Getty Images
AI Tool May Help Breast Cancer Patients Avoid Unnecessary Chemotherapy
A Northwestern University artificial intelligence tool can combine cancerous and non-cancerous cell patterns to predict the course of invasive breast cancer.
Researchers from Northwestern University have developed an artificial intelligence (AI) tool that may be able to spare breast cancer patients unnecessary chemotherapy treatments by using cell patterns to predict the course of the disease, according to a study published this week in Nature Medicine.
The American Cancer Society estimates that one in eight women in the United States will be diagnosed with breast cancer in her lifetime, and the disease accounts for roughly 30 percent of all new female cancers annually.
Breast cancer is typically diagnosed via diagnostic imaging or biopsy, and once diagnosed, the stage and grade of the cancer are determined. The grading process involves a pathologist assessing the cancer tissue to gauge how abnormal it is, which then informs a patient’s treatment plan.

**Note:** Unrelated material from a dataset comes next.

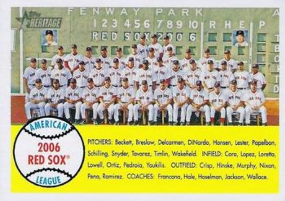 Boston Red Sox,,'s Baseball cards are available in at least 4 sets. Boston Red Sox,,'s biggest 7-day price movers are 2007 Topps Heritage #312 Base, 2010 Topps Heritage #373 Base, and 2011 Topps Heritage #334 50th Anniversary Buybacks.

However, the grading process relies heavily on assessing the appearance of cancer cells, which can be difficult for clinicians. Further, non-cancerous cells have been shown to play a key role in a cancer’s growth, making them useful for prognosis.
Taking these considerations into account, the researchers sought to build an AI model that could evaluate digital images of breast tissue, the appearance of the cancerous and non-cancerous cells present, and how these cells interact.
“These patterns are challenging for a pathologist to evaluate as they can be difficult for the human eye to categorize reliably,” said corresponding study author Lee Cooper, PhD, associate professor of pathology at Northwestern University Feinberg School of Medicine, in a news release. “The AI model measures these patterns and presents information to the pathologist in a way that makes the AI decision-making process clear to the pathologist.”
The tool assesses 26 properties of each patient’s breast tissue in order to output an overall prognostic score. The model is also designed to generate individual cancer, immune, and stromal cells scores to help the pathologist better understand the overall score. These insights could then be used to develop personalized treatment plans for patients.
The research team further noted that the tool has the potential to improve the accuracy of risk assessments for individual breast cancer cases and help evaluate how a patient is responding to treatment. This could allow care teams to adjust the duration or intensity of treatments like chemotherapy where appropriate.
“We also hope that this model could reduce disparities for patients who are diagnosed in community settings,” Cooper stated. “These patients may not have access to a pathologist who specializes in breast cancer, and our AI model could help a generalist pathologist when evaluating breast cancers.”
In the future, the researchers aim to prospectively validate the model for clinical use. The team is also working to create AI models applicable to other invasive breast cancers, such as triple-negative or HER2-positive, as tissue patterns may vary across cancers.
“This will improve our ability to predict outcomes and will provide further insights into the biology of breast cancers,” Cooper explained.
Other AI tools have also been developed recently to predict cancer outcomes.
This month, a research team from the UCLA Health Jonsson Comprehensive Cancer Center detailed how an AI model can successfully predict cancer survival outcomes by assessing epigenetic factors.
The researchers found that by evaluating the gene expression patterns of epigenetic factors in tumors, each factor could then be categorized. This information was then inputted into an AI tool, which used that data to predict outcomes across cancer types.
The model was able to predict cancer outcomes better than some traditional metrics, such as cancer grade and stage.